I’m convinced now that the Western Digital hard disk drives I have are faking their SMART data to make their health look better than it is (and reduce warranty returns).
I have three WD10EACS, 1TB, Green Caviar drives. One of those drives (purchased in late 2007), within a few hours out of the box, started making a repetitive sound that I can only guess was reallocation of bad sectors, a rhythmic chatter of the heads seeking to various parts of the disk. All of this occurred during “offline” when the drive wasn’t used by the computer (and even when the SATA data cable was disconnected). It would do this for hours then finally quiet down in idle mode.

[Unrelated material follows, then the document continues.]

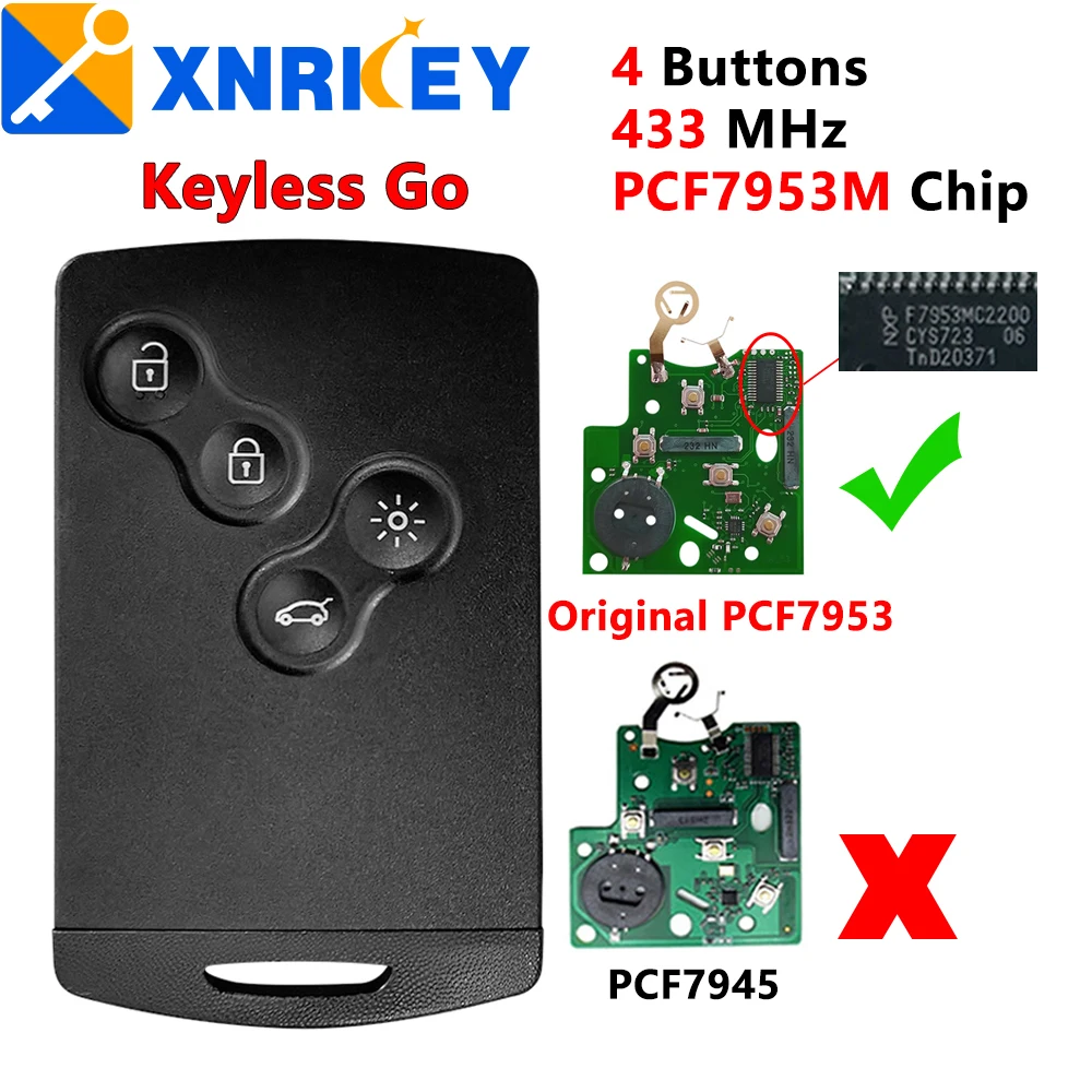 XNRKEY 4B Smart Card Car Key PCF7953/4A Chip 433Mhz for Renault Clio 4 Captur Passive Keyless Go Entry Remote HandsFree System

Connected to the computer, the drive would seem to function fine. It passed all of its SMART self-tests. During all of the self-tests (short, long and conveyance) it functioned quietly without the rhythmic chatter of the heads seeking to various places. None of the SMART attributes show a single thing wrong, and even the raw values other than non-indicative items such as temperature and power on hours are 0.
I don’t trust the drive at all. I’ve switched its role from a primary drive to an external non-critical back up drive. Over the years, it would start chattering again. After a trip in the back of the car, it chattered again for about 5 hours. It’s obvious to me that all is not well with the drive, but more troubling is the SMART data/status that reveals nothing. The drive is still under warranty for a few more months, but I’m not inclined to return it. The $80 replacement cost is well worth paying to learn something from this. I’m tempted to open the drive and create a surface defect, run the extended self-test and see what I get.

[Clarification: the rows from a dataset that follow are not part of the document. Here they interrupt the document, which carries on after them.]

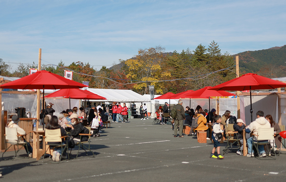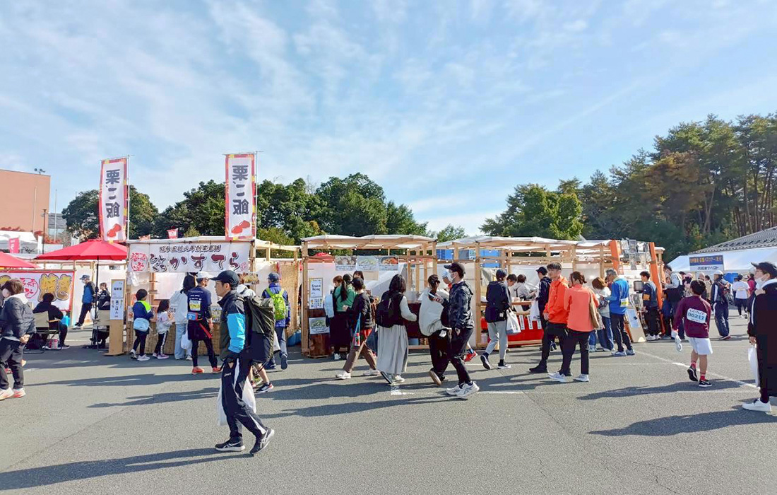 第33回福知山マラソンの会場となる三段池公園・武道館前には、限定14店舗が出店。
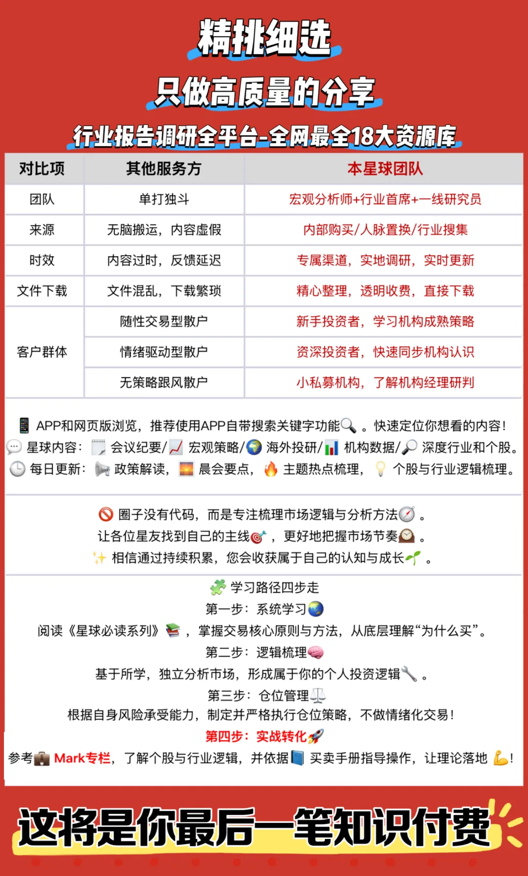 【知识星球】:第一时间分享市场、个股、行业动态,这将构成市场最新的预期差,星球让大家无需自己消耗大量时间,就可以获得最有效、最及时的投研信息。星球已然成为投研资料库,超多投研资料供你随时搜索和【下载】
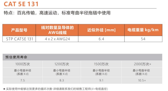 彎曲半徑 : 非拖鏈內(nèi)運(yùn)動(dòng):6.0X電纜外徑
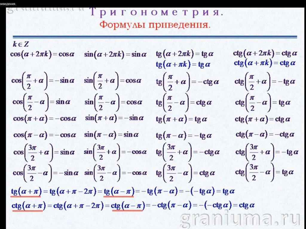 Теперь рассмотрим сами формулы приведения.
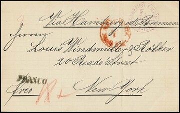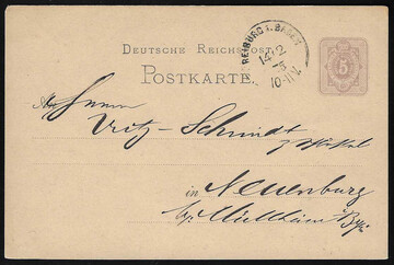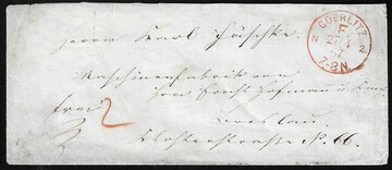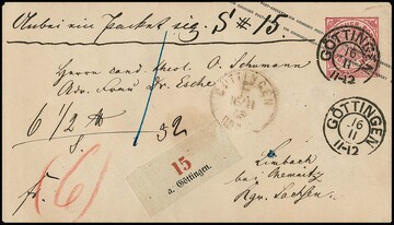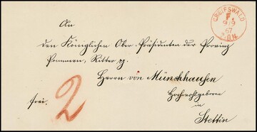 "Greifswald F.", roter Franko-K1 auf kalligraphisch besonders schönem Brief vom 9.9.1867 an von Münchhausen, sowie nebst schwarzem K2 1869 auf seltener Teilfranko-NDP-Aufbrauchs-Ganzsache 1 Gr. a. Preußen 3 Sgr., erst mit Nachtaxe nach Zürich, diese aufgrund der erkannten Teilbarzahlung wieder gestrichen und weiter nach Heidelberg (Taxe "12" Kr.), kl. Mgl.
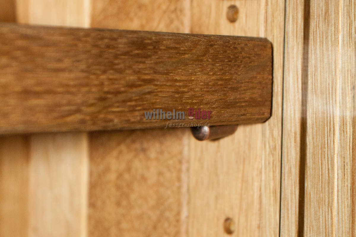Vor der Herstellung von Regalen lassen wir die Fässer trocknen und verleimen die Dauben einzeln. Dieser aufwendige Prozess gewährleistet die Stabilität des Regals und verhindert, dass das Holz sich aufgrund Temperaturschwankungen verzieht. Bitte beachten Sie trotzdem, dass allzu trockene und warme Heizungsluft dem Fass nicht guttut.
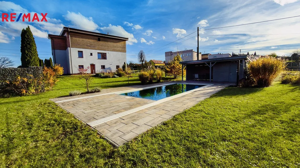 K prodeji exkluzívně nabízíme nadstandardní dům s velkou udržovanou zahradou, prostorným bazénem a dostatkem parkovacích a garážových stání.

The other two drives have exhibited the same problem, but to a much lesser degree. A few days ago on one of the drives, I was notified of an increased Seek Error Rate in the SMART data. Yet that vanished as soon as it was power cycled. Even the “Worst” value has reset to 200, when I’m pretty sure the notification said it had dropped to 100. The drive claims to save SMART data before entering a power saving mode, which I assume includes a power down scenario.
So I suspected that perhaps there was a software glitch in ActiveSmart, which I have since stopped using. It’s ridiculous to keep paying money for new versions and bug fixes. I’ve started using the free smartmontools. It’s not quite as user friendly as ActiveSmart, but after digesting the documentation and configuring it, it’s doing exactly what is needed. For my Windows system, the smartd.conf file has this line in it:
DEVICESCAN -a -I 194 -I 9 -m msgbox
I’ll probably add more “ignore” (-I) attributes as time goes on. But for now this is my starting point. (Currently ignoring temperature changes and power-on hours.)
I’ve been building computers for 20 years, as well as fixing other people’s computers. Given all of the various hard drive failures I’ve dealt with, Western Digital has never been a good experience. But then neither have many of the other manufacturers, with the possible exception of Samsung.
ETA: Here is something interesting I read a few days ago, Failure Trends in a Large Disk Drive Population.
These things always seem to come in clusters for me. I’ll be fine for a couple of years, then, within a few months, two or three drives go.